PyPortfolioOpt rust-portfolio-opt
Language Python Rust
Numerical backend NumPy / SciPy / cvxpy nalgebra
Optimisation backend SLSQP, ECOS, OSQP (cvxpy) Custom active-set QP solver
Inequality constraints in EF yes (cvxpy) equality + box bounds only
Sector constraints yes not yet supported
LP-based discrete allocation yes (cvxpy) greedy / rounded only
Weight cleaning yes yes
Frontier plotting matplotlib bring your own

Deferred features

These pieces of PyPortfolioOpt are intentionally not (yet) ported because they would require pulling in a heavier solver dependency or a third-party stat library. PRs welcome.

  • EfficientSemivariance — minimise downside-only variance. Doable in the current QP backend with auxiliary variables; not implemented yet.
  • EfficientCVaR — minimise Conditional Value-at-Risk. Requires an LP solver (the formulation has T inequality constraints, one per observation).
  • EfficientCDaR — minimise Conditional Drawdown-at-Risk. Same LP-solver requirement as CVaR, with an additional path-dependent constraint.
  • DiscreteAllocation::lp_portfolio — exact integer-LP allocation. Requires an MILP solver such as coin-cbc or highs.
  • min_cov_determinant — robust Minimum Covariance Determinant estimator. Wraps scikit-learn's fast_mcd; would need a pure-Rust port of the FAST-MCD algorithm.
  • Sector constraints, custom convex objectives (add_constraint, add_sector_constraints, convex_objective, nonconvex_objective) — depend on cvxpy's general inequality and DSL support.
  • transaction_cost, ex_ante_tracking_error, ex_post_tracking_error — objective-function helpers that need L¹ norm or benchmark-relative variance constraints outside the QP scope.
  • Plotting — out of scope by design. The crate exports the underlying data (frontier points, dendrogram link matrix) so callers can render with their plotting library of choice.

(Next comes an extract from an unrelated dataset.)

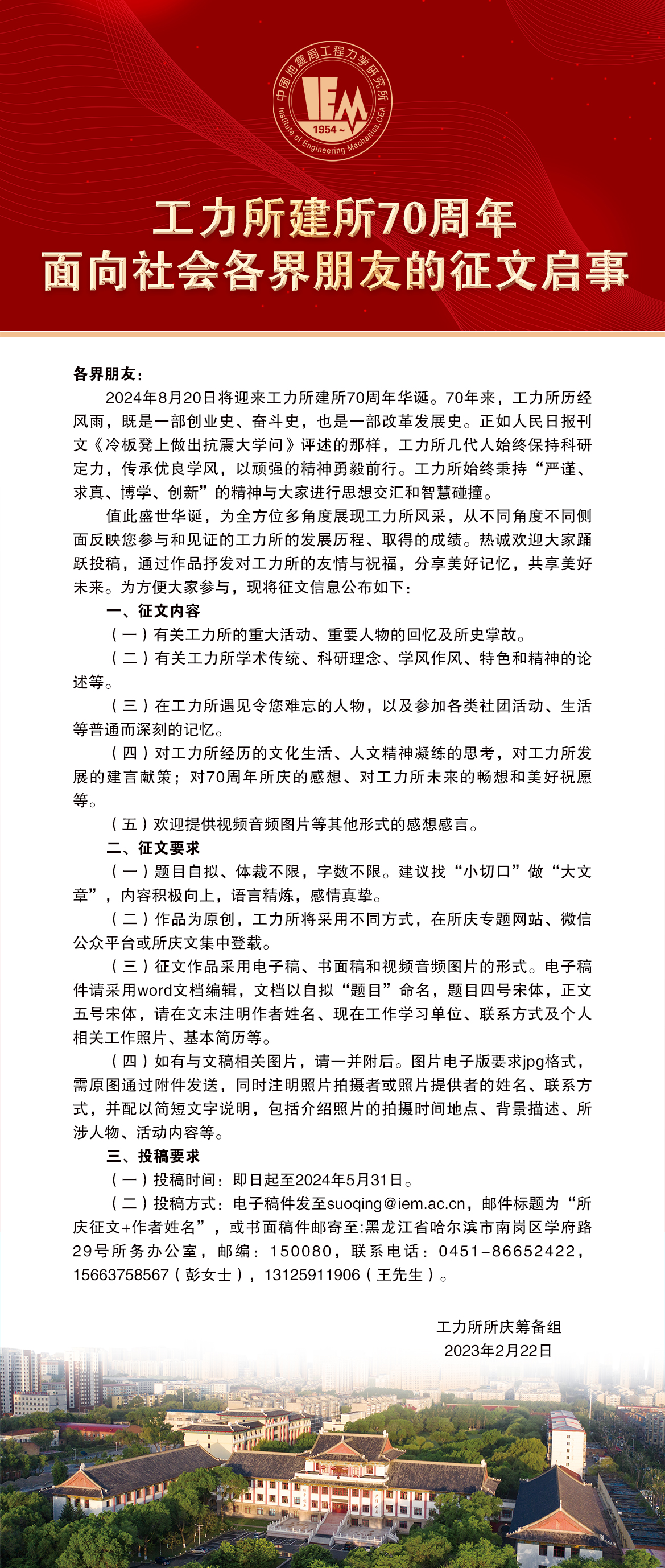 工力所建所70周年面向社會各界朋友的征文啟事

If you need any of these today, stay with PyPortfolioOpt — everything else is at parity.

Status

This is a 0.x release: API surface tracks PyPortfolioOpt 1.5.5 and is reasonably stable, but breaking changes are possible until 1.0. Bug reports and PRs welcome.

License

MIT — see LICENSE.

PyPortfolioOpt is © Robert Andrew Martin and contributors, also MIT-licensed; this crate is an independent port and not affiliated with the upstream project.